======== DATA RECORDS ========
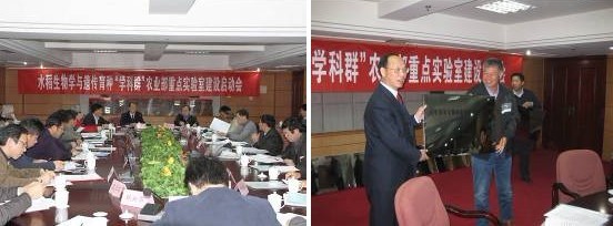 启动会上,程式华所长、王小虎局长分别就农业部水稻生物学与遗传育种学科群建设提出了几点建议和希望。接着进行了区域/专业性重点实验室、科学观测实验站授牌仪式和学术委员会委员聘任仪式,武汉大学朱英国院士等13位专家被聘为学术委员会委员。随后农业部水稻生物学与遗传育种重点实验室学术委员会第一次会议正式召开,与会专家共同审核了“学科群”工作规则和农业部水稻生物学与遗传育种重点实验室章程,重点研讨了“学科群”各实验室和观测站“十二五”研究方向。通过研讨,委员们提出了许多建设性的意见和建议,将对学科群的建设和发展具有重要的指导意义。
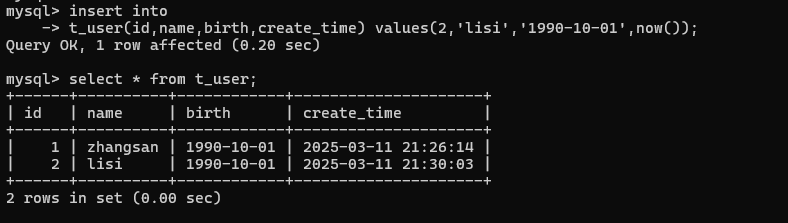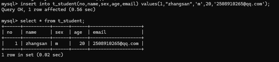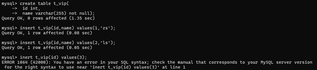 注意:字段名和值要一一对应。也就是数量要对应,数据类型要对应。
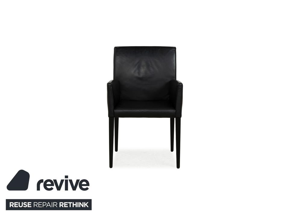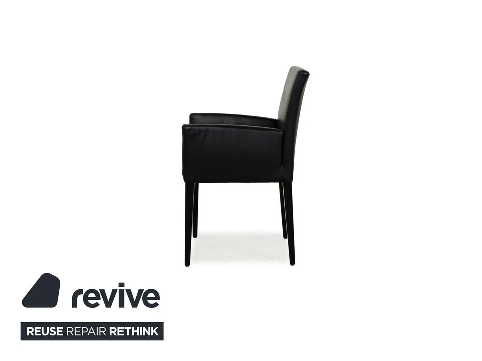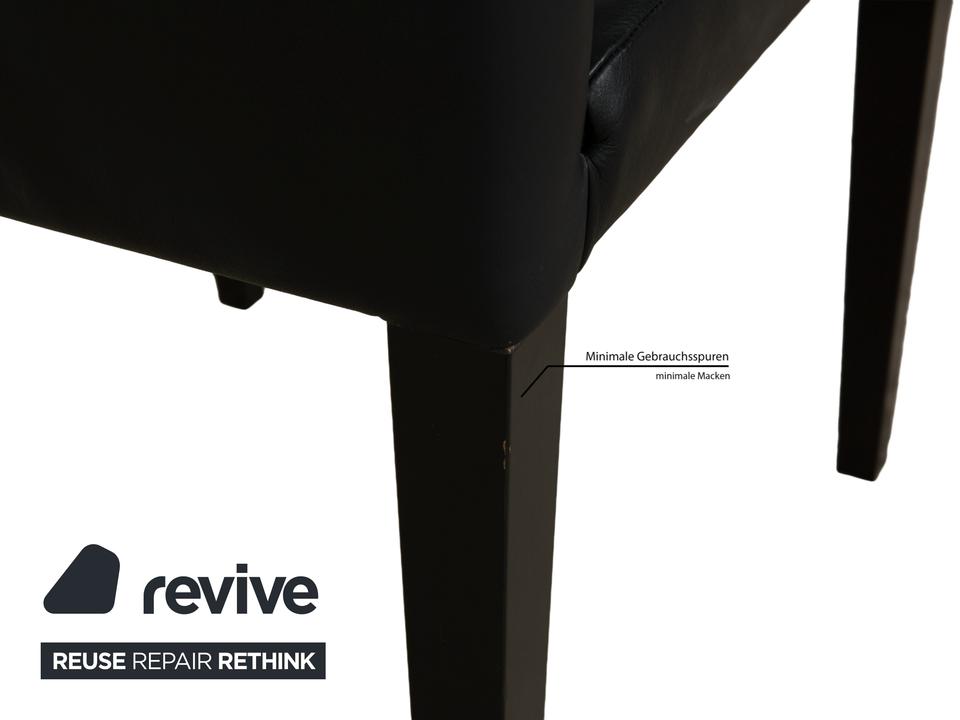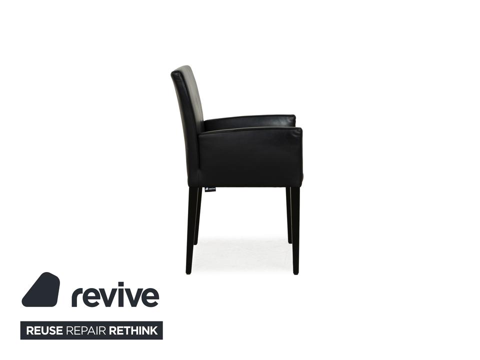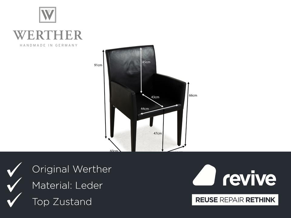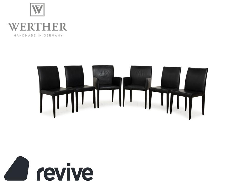 Die Stuhl-Garnitur Classic von Werther, bestehend aus insgesamt vier Stühlen, überzeugt durch ihr klassisches, zeitloses Design. Ein mit schwarzem Leder bezogener Korpus auf schwarzen, sich minimal verjüngenden Holzbeinen montiert. So wird dieses Set zu einem leicht kombinierbaren Element im modernen Esszimmer.
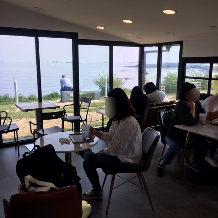 카페 내부에서 바라보는 밖의 풍경은 정말 아름다웠지만.. 막상 야외석에 앉게 되면 미세먼지 때문에 푸른 바다와 맑은 하늘을 볼 수가 없어 답답하기만 합니다. 날씨가 맑고 미세먼지가 덜한 날 방문하면 정말 예쁠 것 같더라고요.
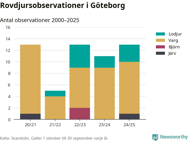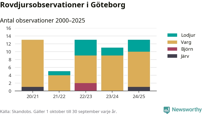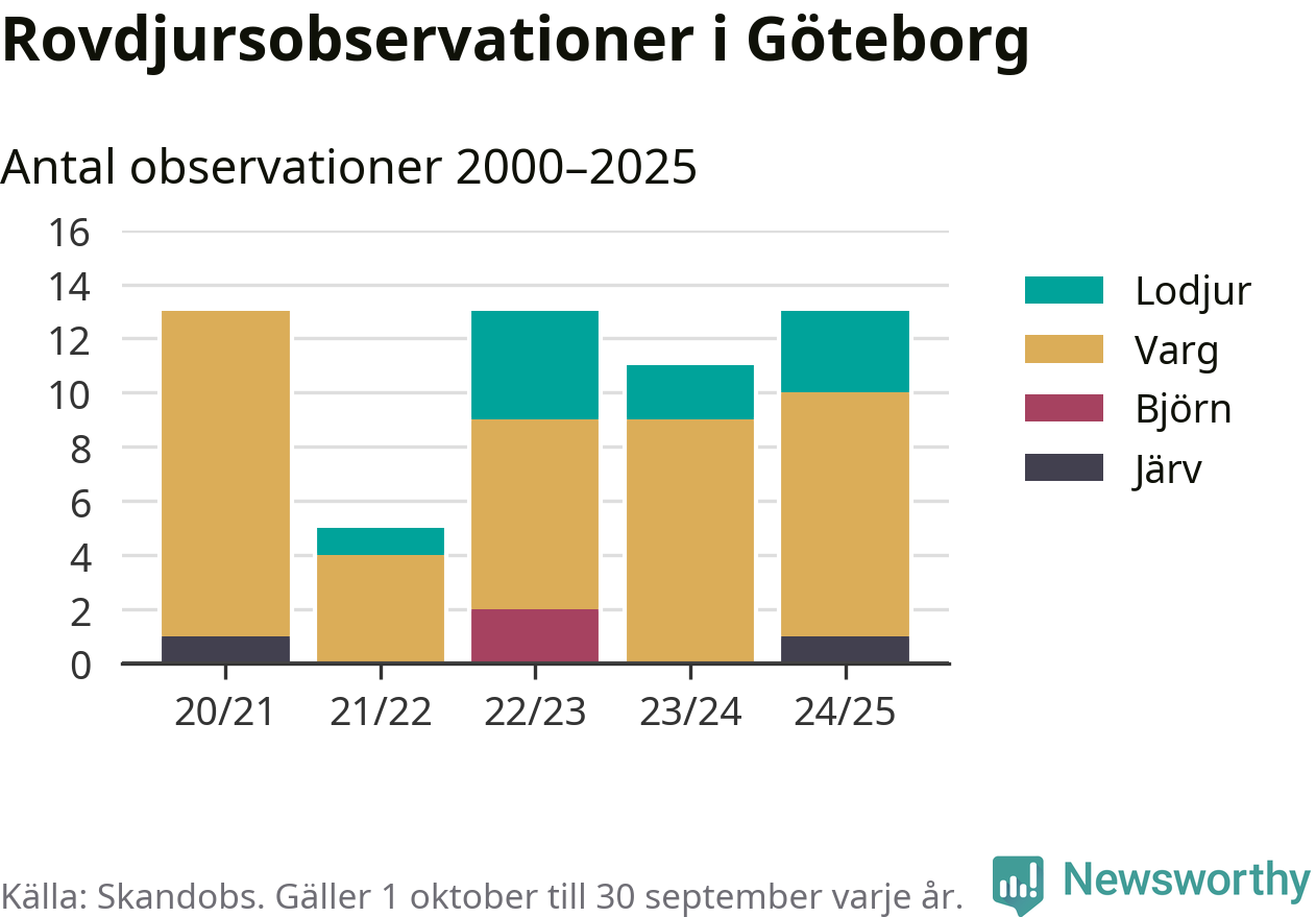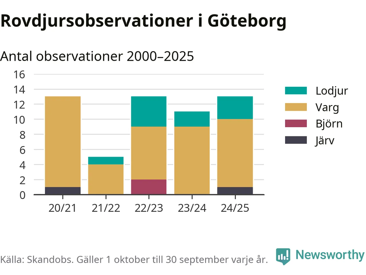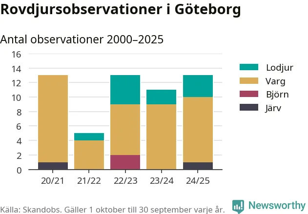 Där kan vem som helst rapportera sina observationer av de stora rovdjuren björn, varg, lodjur och järv. Mellan 1 oktober 2024 och 30 september i år har knappt 10 000 observationer registrerats i landet. Det kan vara synobservationer, foton, spår, spillning, döda bytesdjur eller andra tecken på rovdjursförekomst. I Göteborg handlar det om totalt 13 observationer av varg, lodjur eller järv.
========
__YOUR TASK__
Once the pictures are set aside, restate the remaining data above exactly.

__ANSWER FOR THE TASK__
 启动会上,程式华所长、王小虎局长分别就农业部水稻生物学与遗传育种学科群建设提出了几点建议和希望。接着进行了区域/专业性重点实验室、科学观测实验站授牌仪式和学术委员会委员聘任仪式,武汉大学朱英国院士等13位专家被聘为学术委员会委员。随后农业部水稻生物学与遗传育种重点实验室学术委员会第一次会议正式召开,与会专家共同审核了“学科群”工作规则和农业部水稻生物学与遗传育种重点实验室章程,重点研讨了“学科群”各实验室和观测站“十二五”研究方向。通过研讨,委员们提出了许多建设性的意见和建议,将对学科群的建设和发展具有重要的指导意义。
 注意:字段名和值要一一对应。也就是数量要对应,数据类型要对应。
 Die Stuhl-Garnitur Classic von Werther, bestehend aus insgesamt vier Stühlen, überzeugt durch ihr klassisches, zeitloses Design. Ein mit schwarzem Leder bezogener Korpus auf schwarzen, sich minimal verjüngenden Holzbeinen montiert. So wird dieses Set zu einem leicht kombinierbaren Element im modernen Esszimmer.
 카페 내부에서 바라보는 밖의 풍경은 정말 아름다웠지만.. 막상 야외석에 앉게 되면 미세먼지 때문에 푸른 바다와 맑은 하늘을 볼 수가 없어 답답하기만 합니다. 날씨가 맑고 미세먼지가 덜한 날 방문하면 정말 예쁠 것 같더라고요.
 Där kan vem som helst rapportera sina observationer av de stora rovdjuren björn, varg, lodjur och järv. Mellan 1 oktober 2024 och 30 september i år har knappt 10 000 observationer registrerats i landet. Det kan vara synobservationer, foton, spår, spillning, döda bytesdjur eller andra tecken på rovdjursförekomst. I Göteborg handlar det om totalt 13 observationer av varg, lodjur eller järv.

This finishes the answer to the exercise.